▸ Task item
Print the whole listing again exactly as it stands, leaving out any images.

Segment Start: Dataset extract

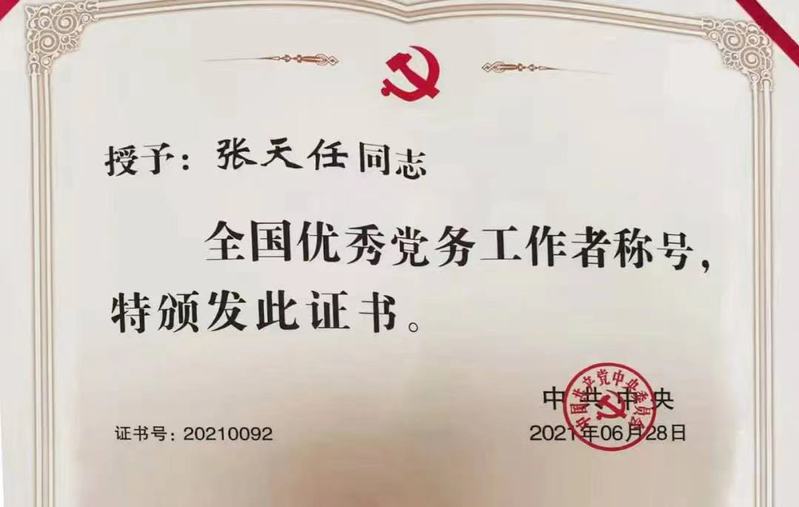“这次能在首都北京参加党的百年华诞庆典,受到党中央的表彰,对我来说,是一次难忘的经历,也是无尚的光荣。作为共产党员,我们将时刻牢记初心使命,艰苦奋斗,创业创新,为人民群众的共同富裕,为中华民族的伟大复兴,为‘两个一百年’的奋斗目标,贡献自己的力量。”张天任表示。
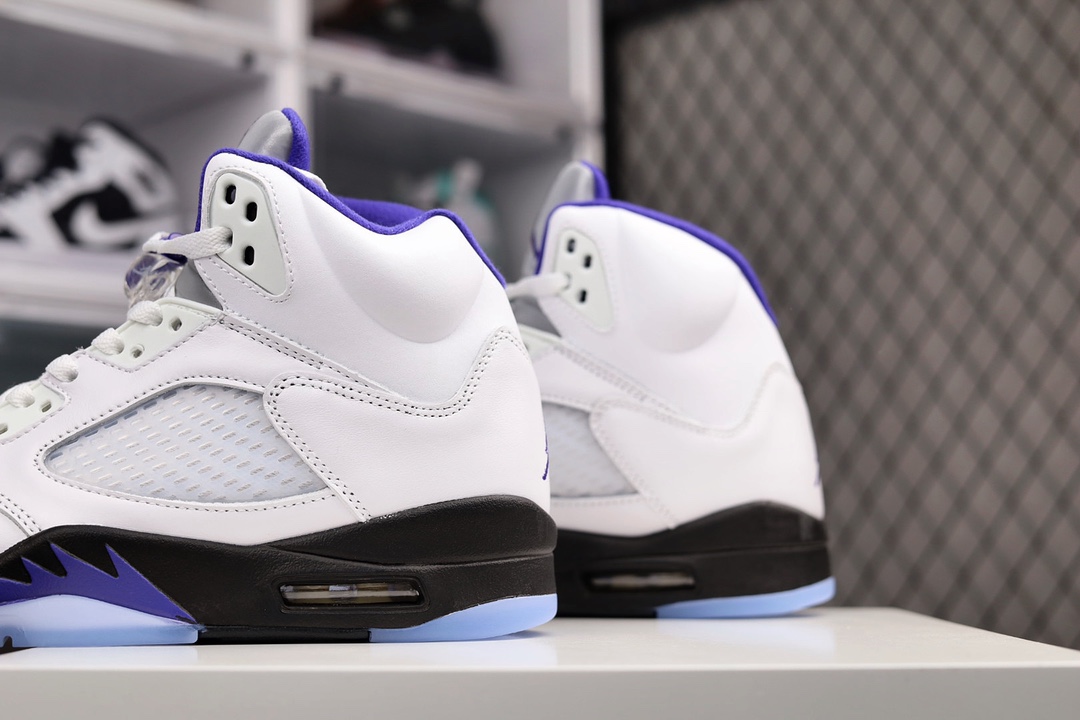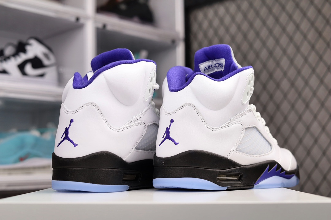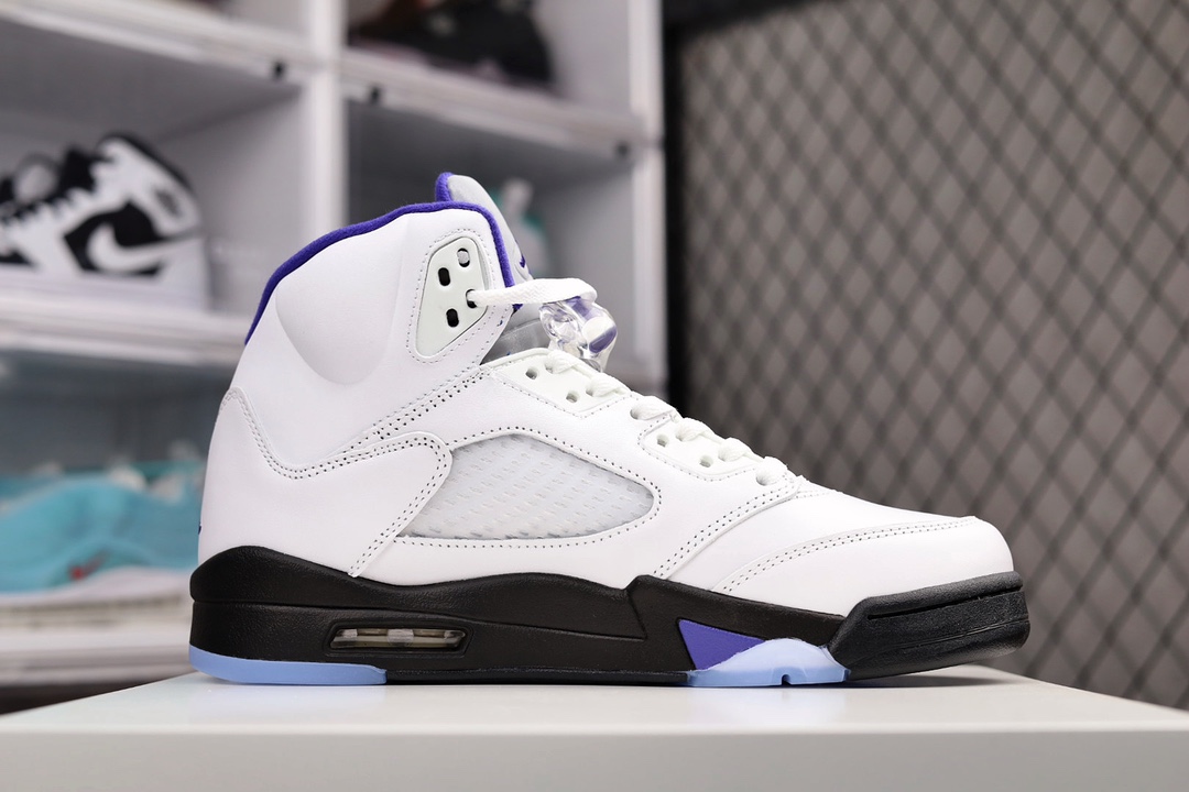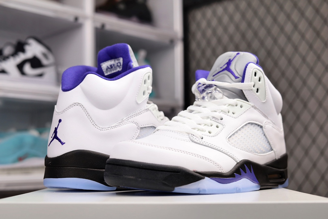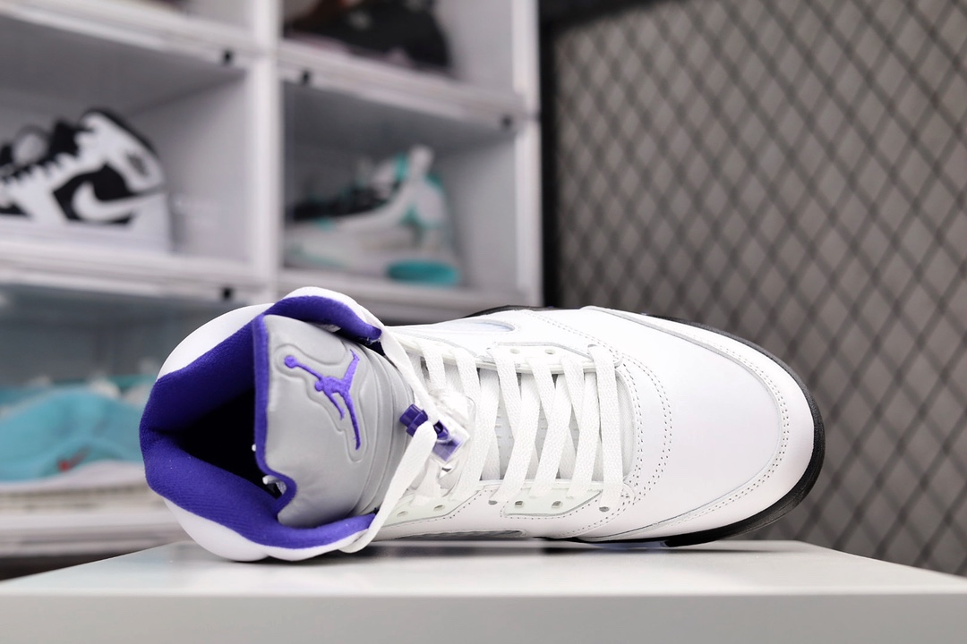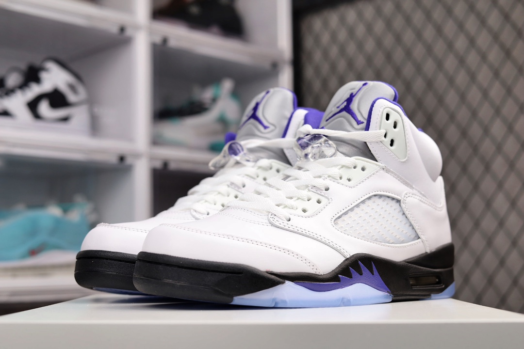 J0 大次 Air Jordan 5 Retro “Concord” 高帮 白紫 AJ5 乔丹5代 aj5 乔5 高邦 白紫 乔丹篮球鞋系列 整双鞋以元年款为蓝本,并采用全白天然皮革鞋面和银色鞋舌,中底的鲨鱼齿换了黑色,并点缀紫色泼墨设计。纯白色真皮鞋面搭配3M反光鞋舌,吸睛效果十足鞋底还是采用经典的灰色中底和水晶外底,质感极佳×885QQ
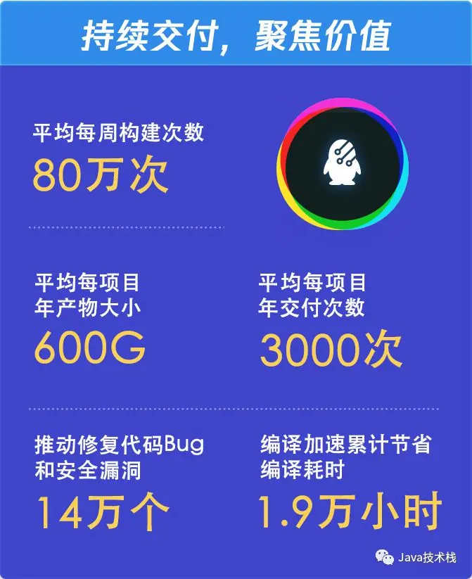 在研发的持续交付方面,腾讯平均每周构建次数达 80 万次,项目年均产物大小 600G,年均交付次数 3000 次,推动修复代码 Bug 和安全漏洞 14 万个,编译加速累计节省编译耗时 1.9 个万小时。
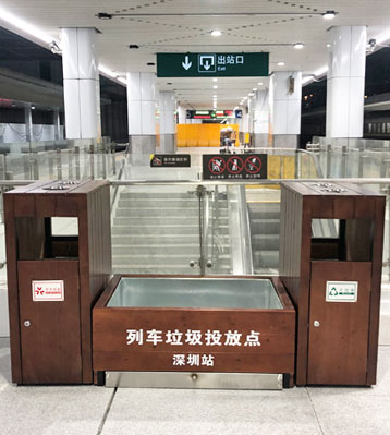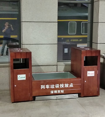 欣方圳列車站臺(tái)仿木花箱組合垃圾桶深圳東站實(shí)景圖

Segment End: Dataset extract

▸ Solution to this task
“这次能在首都北京参加党的百年华诞庆典,受到党中央的表彰,对我来说,是一次难忘的经历,也是无尚的光荣。作为共产党员,我们将时刻牢记初心使命,艰苦奋斗,创业创新,为人民群众的共同富裕,为中华民族的伟大复兴,为‘两个一百年’的奋斗目标,贡献自己的力量。”张天任表示。
 J0 大次 Air Jordan 5 Retro “Concord” 高帮 白紫 AJ5 乔丹5代 aj5 乔5 高邦 白紫 乔丹篮球鞋系列 整双鞋以元年款为蓝本,并采用全白天然皮革鞋面和银色鞋舌,中底的鲨鱼齿换了黑色,并点缀紫色泼墨设计。纯白色真皮鞋面搭配3M反光鞋舌,吸睛效果十足鞋底还是采用经典的灰色中底和水晶外底,质感极佳×885QQ
 在研发的持续交付方面,腾讯平均每周构建次数达 80 万次,项目年均产物大小 600G,年均交付次数 3000 次,推动修复代码 Bug 和安全漏洞 14 万个,编译加速累计节省编译耗时 1.9 个万小时。
 欣方圳列車站臺(tái)仿木花箱組合垃圾桶深圳東站實(shí)景圖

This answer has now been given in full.